What is Giving Compass?
We connect donors to learning resources and ways to support community-led solutions. Learn more about us.
Giving Compass' Take:
• David Zipper demonstrates how COVID-19 has revealed major flaws in pedestrian infrastructure throughout the United States, many of which could be corrected with safe sidewalks.
• How does the safety of sidewalks vary across neighborhoods? How can you work to make sure members of marginalized communities aren't responsible for the safety of their infrastructure?
• Learn about funds that support community improvements during coronavirus.
Stuck at home because of the coronavirus, millions of urban residents suddenly became acutely aware of an easily overlooked element of urban infrastructure: their neighborhood sidewalks (or lack thereof).
During the lockdowns, as walking provided a critical antidote to cabin fever, sidewalks become crowded, contested space. With vehicle traffic temporarily in retreat during Covid-19 shelter-at-home rules, many cities claimed street space for pedestrians via quick-fix solutions like traffic cones and Jersey barriers. Meanwhile, retailers and restaurants, desperate for safer outdoor space, are making their own incursions into this increasingly valuable infrastructural commodity.
With sidewalk awareness ascendant, this is indeed an opportune time to start an overdue national upgrade. Sidewalks play a vital role in city life: Long after the pandemic has ended, better sidewalks can continue to offer a host of benefits, including improving resident health, reducing automobile usage and helping to address historical underinvestment in low-income communities.
Disadvantaged communities are most likely to be burdened with bad sidewalks.
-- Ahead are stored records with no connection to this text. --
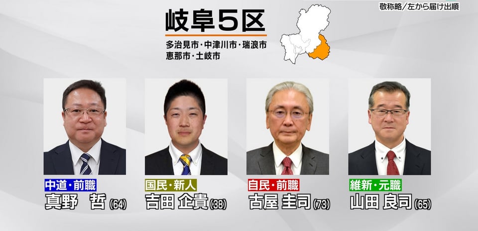 最後に岐阜5区。立候補者は4人で届け出順に、中道・前職の真野哲さん(64)、国民・新人の吉田企貴さん(38)、自民・前職の古屋圭司さん(73)、維新・元職の山田良司さん(65)です。連立を組む自民と維新の候補が同じ選挙区に立っているほか、労働組合票が見込める中道と国民の候補も同じ選挙区で戦います。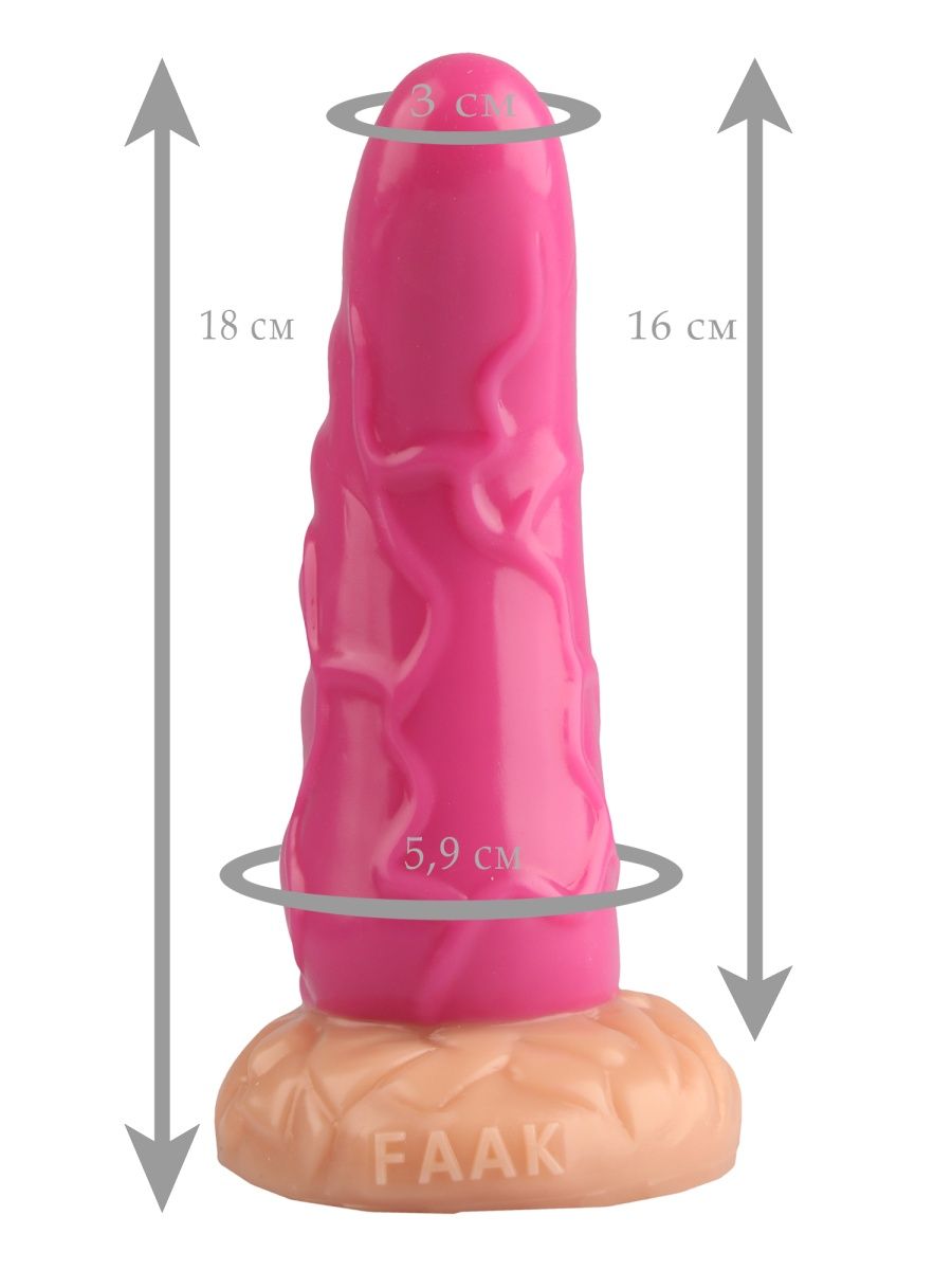 Общая длина изделия составляет 18 см, при этом рабочая (вводимая) часть имеет длину 16 см. Диаметр плавно увеличивается от минимальных 3 см у наконечника до 5.9 см в основании рабочей зоны. Такая геометрия позволяет постепенно адаптироваться к размерам. Цвет изделия — насыщенный розовый. На основании присутствует рельефная надпись «FAAK».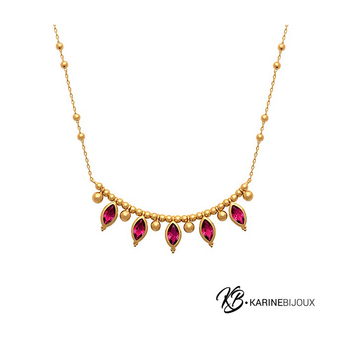 Collier pierres rouges plaqué or Swelya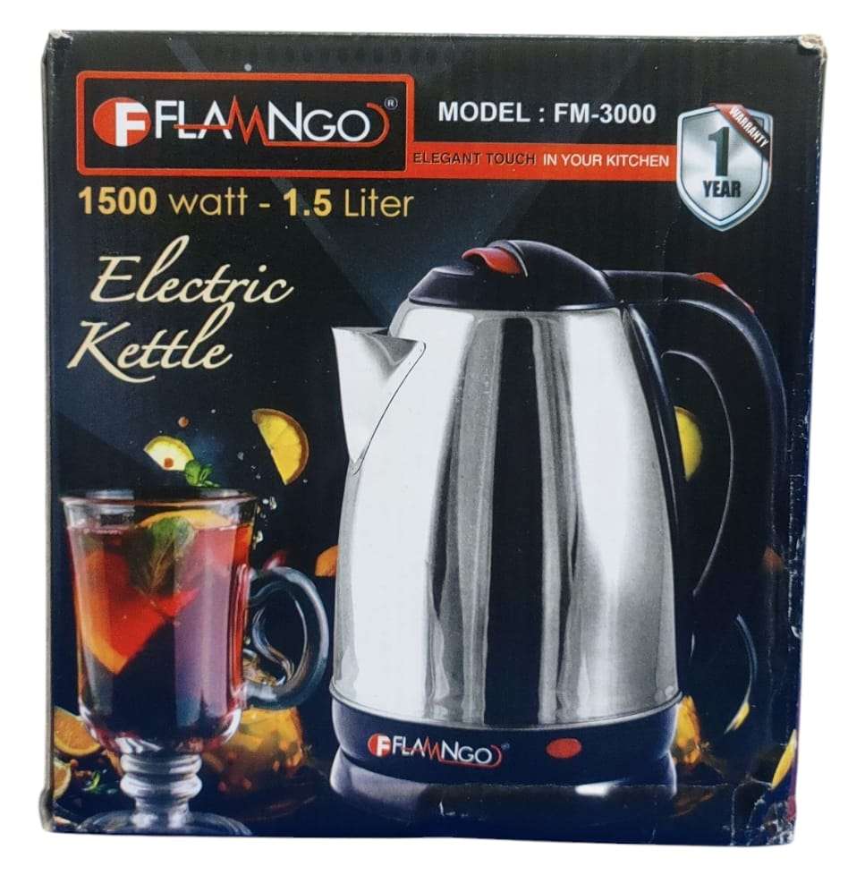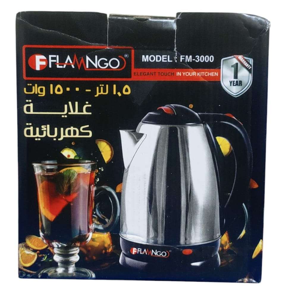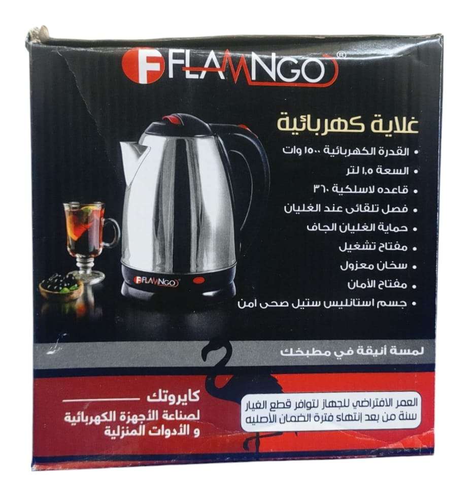 فلامنجو غلاية كهربائية ، 1.5 لتر ، 1500وات القدرة 1500 وات السعة 1.5 لتر هيكل ستانلس ستيل إيقاف تشغيل يدوي واوتوماتيكي مؤشر ضوئي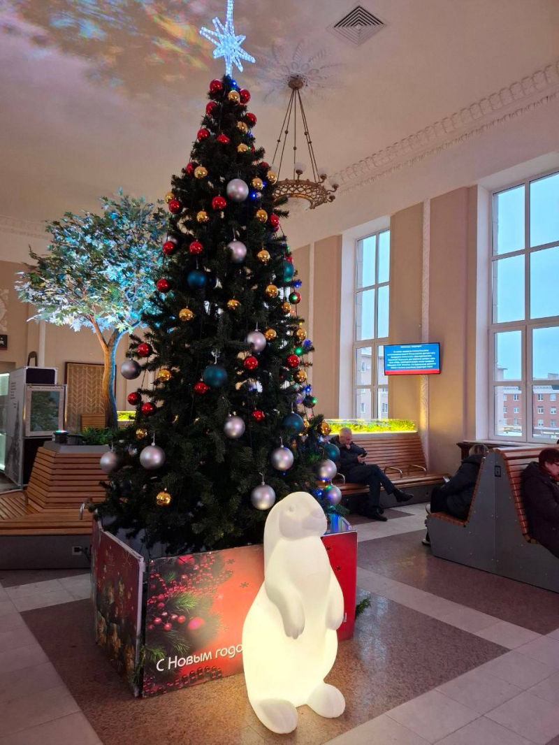 Как сообщили в телеграм-канале ОЖД, железнодорожный вокзал Петрозаводска засиял гирляндами, а в залах ожидания и на площади у вокзала (со стороны перрона) установили нарядные елки и светящиеся фигуры, которые создают волшебную атмосферу.

Kate Lowe, a professor of urban planning and policy at the University of Illinois at Chicago, studied the quality of sidewalks in New Orleans, where property owners are responsible for them. Pedestrian networks were worse in minority and low-income neighborhoods, she found. Pedestrian fatalities from automobile collisions are also much higher in low-income neighborhoods.
As popular and beneficial as a sidewalk investment campaign could be, cities and states have little capacity to mount even a modest one in the midst of the current recession. But unlike most cities and states, the federal government is under no obligation to balance its budget, giving it more flexibility to spend money on infrastructure. Two possibilities would be to include a pot of sidewalk funding in the transportation reauthorization bill or as part of a fiscal stimulus package.